Step 1: Install Dependencies

In [1]:
!pip install -q llama-index==0.10.14 sentence-transformers PyMuPDF transformers accelerate llama-index-embeddings-huggingface

Step 2: Upload Your PDF

In [2]:
from google.colab import files
uploaded = files.upload()  # Upload your sample.pdf here


Saving Astralweb Innovate Rulebook A'25.pdf to Astralweb Innovate Rulebook A'25.pdf


confirm upload

In [3]:
import os
print("Files in session:", os.listdir())


Files in session: ['.config', "Astralweb Innovate Rulebook A'25.pdf", 'sample.pdf', 'sample_data']


In [4]:
# Rename uploaded file to sample.pdf
for filename in uploaded.keys():
    os.rename(filename, "sample.pdf")
    print(f"Renamed {filename} to sample.pdf")

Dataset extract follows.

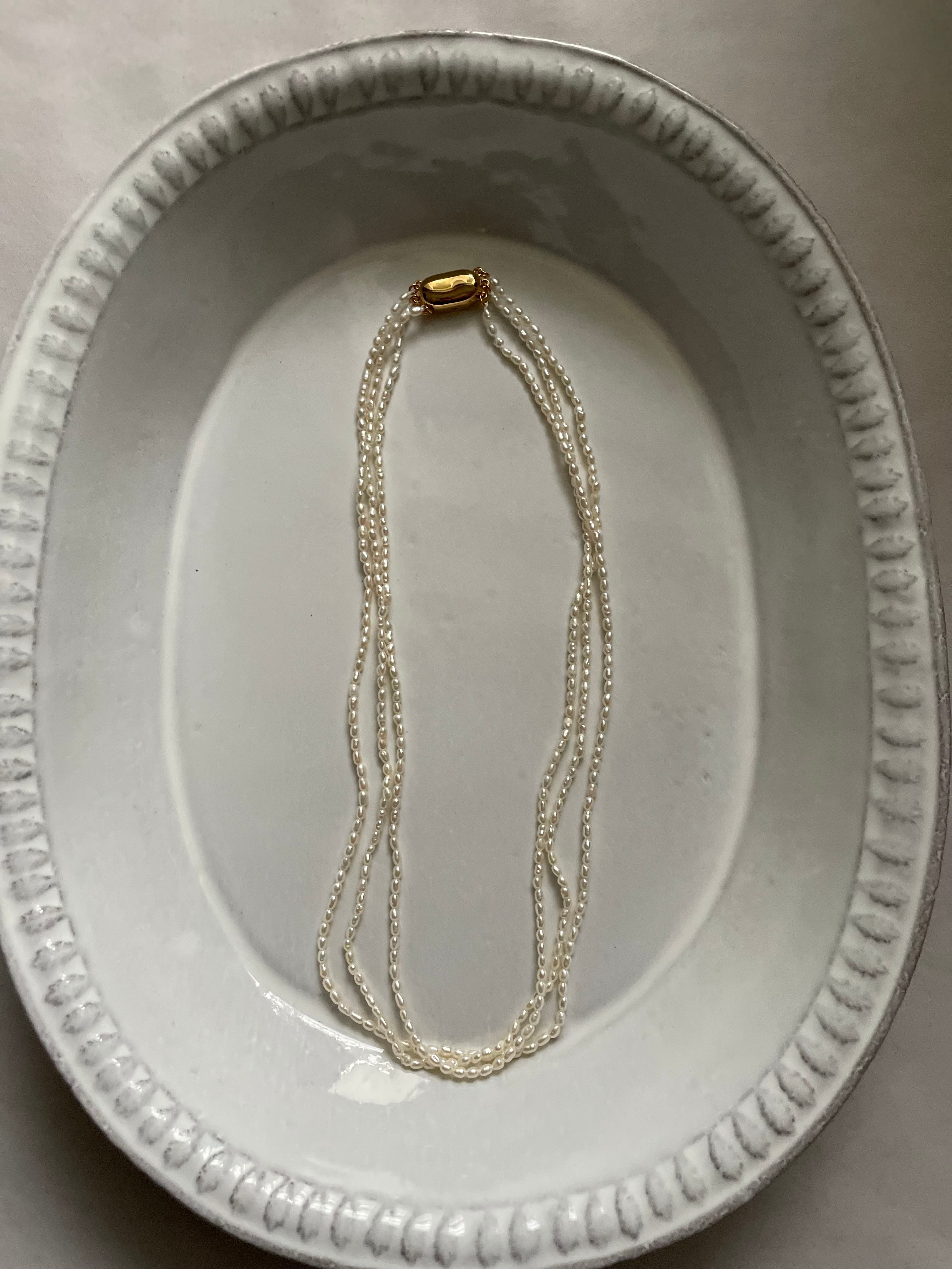を3連に繋ぎ、42㎝の長さの3連ネックレスにしました。

Renamed Astralweb Innovate Rulebook A'25.pdf to sample.pdf


Step 4: Load PDF and Query

In [6]:
from llama_index.core import VectorStoreIndex, SimpleDirectoryReader
from llama_index.core.embeddings import BaseEmbedding
from typing import List
from sentence_transformers import SentenceTransformer
from transformers import pipeline
from llama_index.core import Settings

# Step 1: Load PDF
documents = SimpleDirectoryReader(input_files=["sample.pdf"]).load_data()

# Step 2: Embedding wrapper
class MyHFEmbedding(BaseEmbedding):
    model: SentenceTransformer

    def __init__(self, model: SentenceTransformer):
        super().__init__(model=model) # Pass model to the super class
        self.model = model # Also set the model attribute

    def _get_text_embedding(self, text: str) -> List[float]:
        return self.model.encode(text).tolist()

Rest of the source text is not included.